Tag Archives: Reddit

Knowledge is power, but is power restricting knowledge?

Photo credits to Kara Allyson
Photo credits to Kara Allyson

On the 11th January 2013, Aaron Swartz was found dead in his New York apartment having taken his own life. The 26 year old programmer was a founder of the well-known website Reddit and had been part of the development process for RSS, an application which many of us come across in our daily internet usage. In addition to his web-based achievements, Swartz was also an advocate of ethics and political activism, co-founding the Demand Progress internet group which lead the fight against web censorship through the SOPA campaign.

More recently, Swartz launched an attack upon the exclusivity of academic content, specifically targeting journal archive JSTOR, a resource that our university is subscribed to, thus allowing us to access its content without personal charge.
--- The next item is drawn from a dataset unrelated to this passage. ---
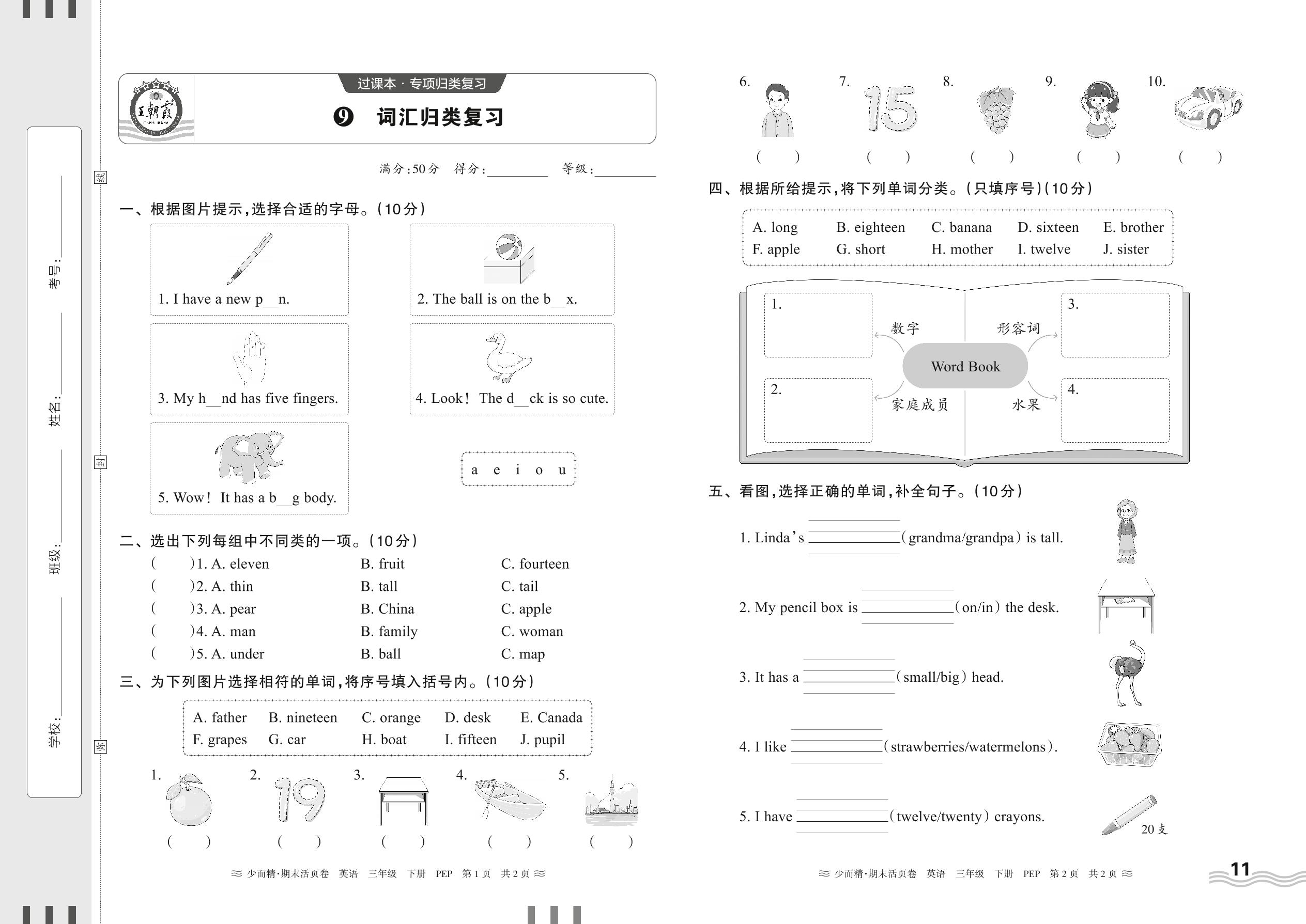 2024下册三年级英语人教PEP版 期末过课本HY版·词汇归类复习

Swartz, who is described as “always and only working for (at least his conception of) the public good” had attempted to hack into, download and publicly distribute over 4 million articles from the archive, for which he was charged with over $1 million in fines and a potential 35 year prison sentence.

Just before his death, JSTOR announced that it would be making a large proportion of these articles free to access. I very much understand the need for academics to make a living through their work, but as investigator Alex Stamos stated in his testimony, Swartz’s extraction of material “from an unlocked closet” did not merit the sentence he was facing. There is now a “Read Online” function that essentially loans texts to members, allowing them three articles at a time without charge, but this change simply rendered Swartz’s attack futile and yet they continued his prosecution. It is hardly surprising that a man who had been a victim of depression for many years would have found this overwhelming and humiliating.
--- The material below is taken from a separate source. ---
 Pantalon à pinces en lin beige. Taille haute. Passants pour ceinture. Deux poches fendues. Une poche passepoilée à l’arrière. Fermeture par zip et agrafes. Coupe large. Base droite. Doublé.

What can we as students take from this? As a humanities student, I find JSTOR invaluable, and I am certain that this feeling is fairly widespread through departments. Just take a moment to picture what your studies would be like if you were having to pay $25 US to look at an article that may have been useless to your work. We should certainly count ourselves lucky for being so privileged in this gift of information that others did not, and in some cases still do not possess.
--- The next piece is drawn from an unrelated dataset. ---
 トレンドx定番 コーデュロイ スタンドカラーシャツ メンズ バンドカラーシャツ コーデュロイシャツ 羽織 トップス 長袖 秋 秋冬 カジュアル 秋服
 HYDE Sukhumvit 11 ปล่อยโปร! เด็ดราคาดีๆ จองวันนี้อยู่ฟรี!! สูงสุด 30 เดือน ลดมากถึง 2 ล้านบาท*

In the last few weeks, we have seen a man who wished to extend this freedom of knowledge, persecuted into despair, his only crime described by Demand Process as a jail sentence for “checking too many books out of the library”. I would hesitate to call Swartz a martyr as the internet community has done, but I would certainly praise the activist for making such an impact. As much as I know I will return to JSTOR within weeks of writing this, my usage will now be tainted by the company’s poor timing in doing what was necessary to help expand the academic community, leading to the downfall of a great contemporary mind.